Iron deficiency anemia tends to make A1C read falsely high. This is especially relevant during late pregnancy, when iron deficiency is common and can inflate the result even in someone without diabetes. Iron supplementation can bring the number back down to a more accurate level. On the other hand, any condition that shortens the life of your red blood cells, like hemolytic anemia or recovery from significant blood loss, will make A1C read falsely low because the sugar hasn’t had as long to accumulate on each cell.

Sickle cell trait, sickle cell disease, and other hemoglobin variants can interfere with the test in either direction depending on the lab method used. Chronic kidney failure, particularly in people on dialysis, also tends to make A1C unreliable as a marker. In these situations, your provider may rely on alternative tests or direct blood sugar monitoring instead. For frail older adults with conditions that interfere with A1C accuracy, keeping random blood sugar readings between 120 and 200 mg/dL throughout the day is a practical alternative target.

Lowering Your A1C

A1C responds to anything that brings your average blood sugar down over weeks and months. The most effective strategies vary depending on where you’re starting from.

If you’re in the prediabetes range (5.7% to 6.4%), lifestyle changes are the first line of action. Losing 5% to 7% of your body weight, getting at least 150 minutes of moderate activity per week, and reducing refined carbohydrates can bring A1C back to normal levels. These changes work because they improve how effectively your body uses insulin.

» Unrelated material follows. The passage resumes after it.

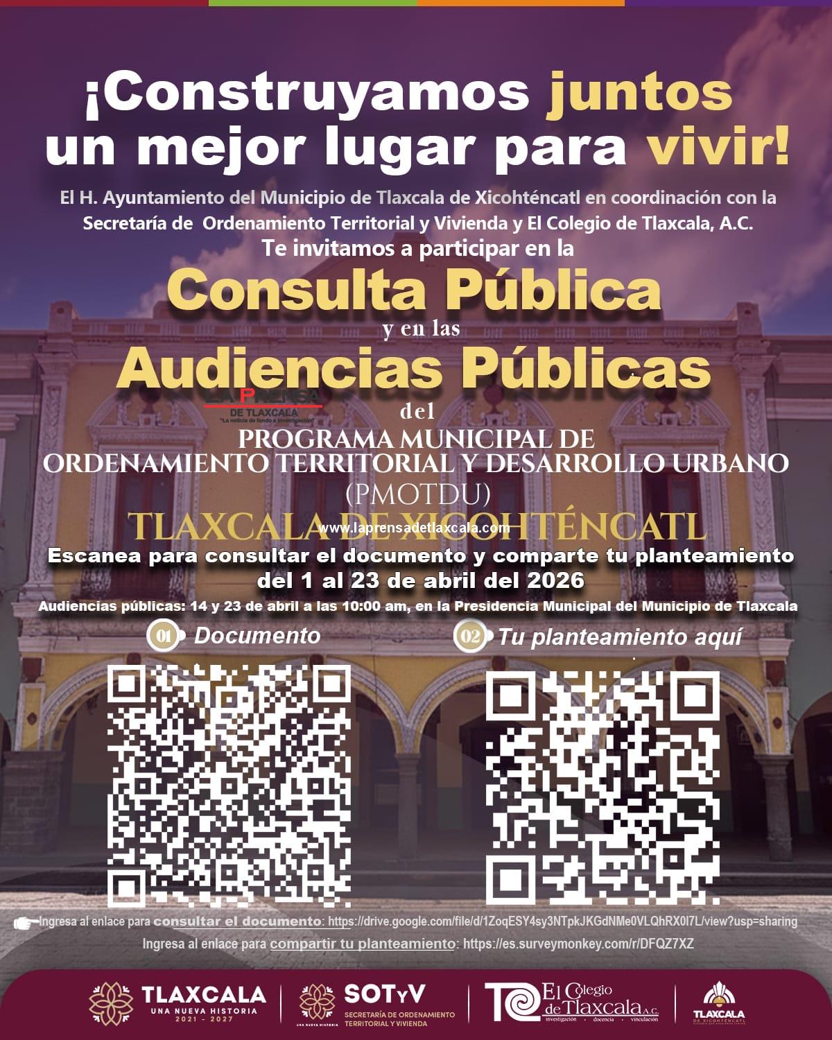 Las y los interesados podrán consultar el documento del programa y también enviar sus planteamientos hasta el 23 de abril, además de participar en las audiencias públicas que se llevarán a cabo del 14 al 23 de abril a las 10:00 horas en la Presidencia Municipal de Tlaxcala, espacio abierto para el diálogo y la construcción colectiva.

If you’re already managing diabetes with medication, A1C reflects how well your current regimen is working alongside your daily habits. Spikes after meals contribute heavily to A1C, so paying attention to carbohydrate portions at each meal, staying active after eating, and timing medication correctly all influence the number. Small, consistent changes tend to matter more than dramatic short-term efforts because A1C captures the full two-to-three-month average rather than your best or worst week.

A drop of even 1% in A1C is clinically significant. Going from 8% to 7% meaningfully reduces the long-term risk of complications affecting your eyes, kidneys, and nerves. The goal isn’t perfection on any given day. It’s a sustainable average that protects your health over years.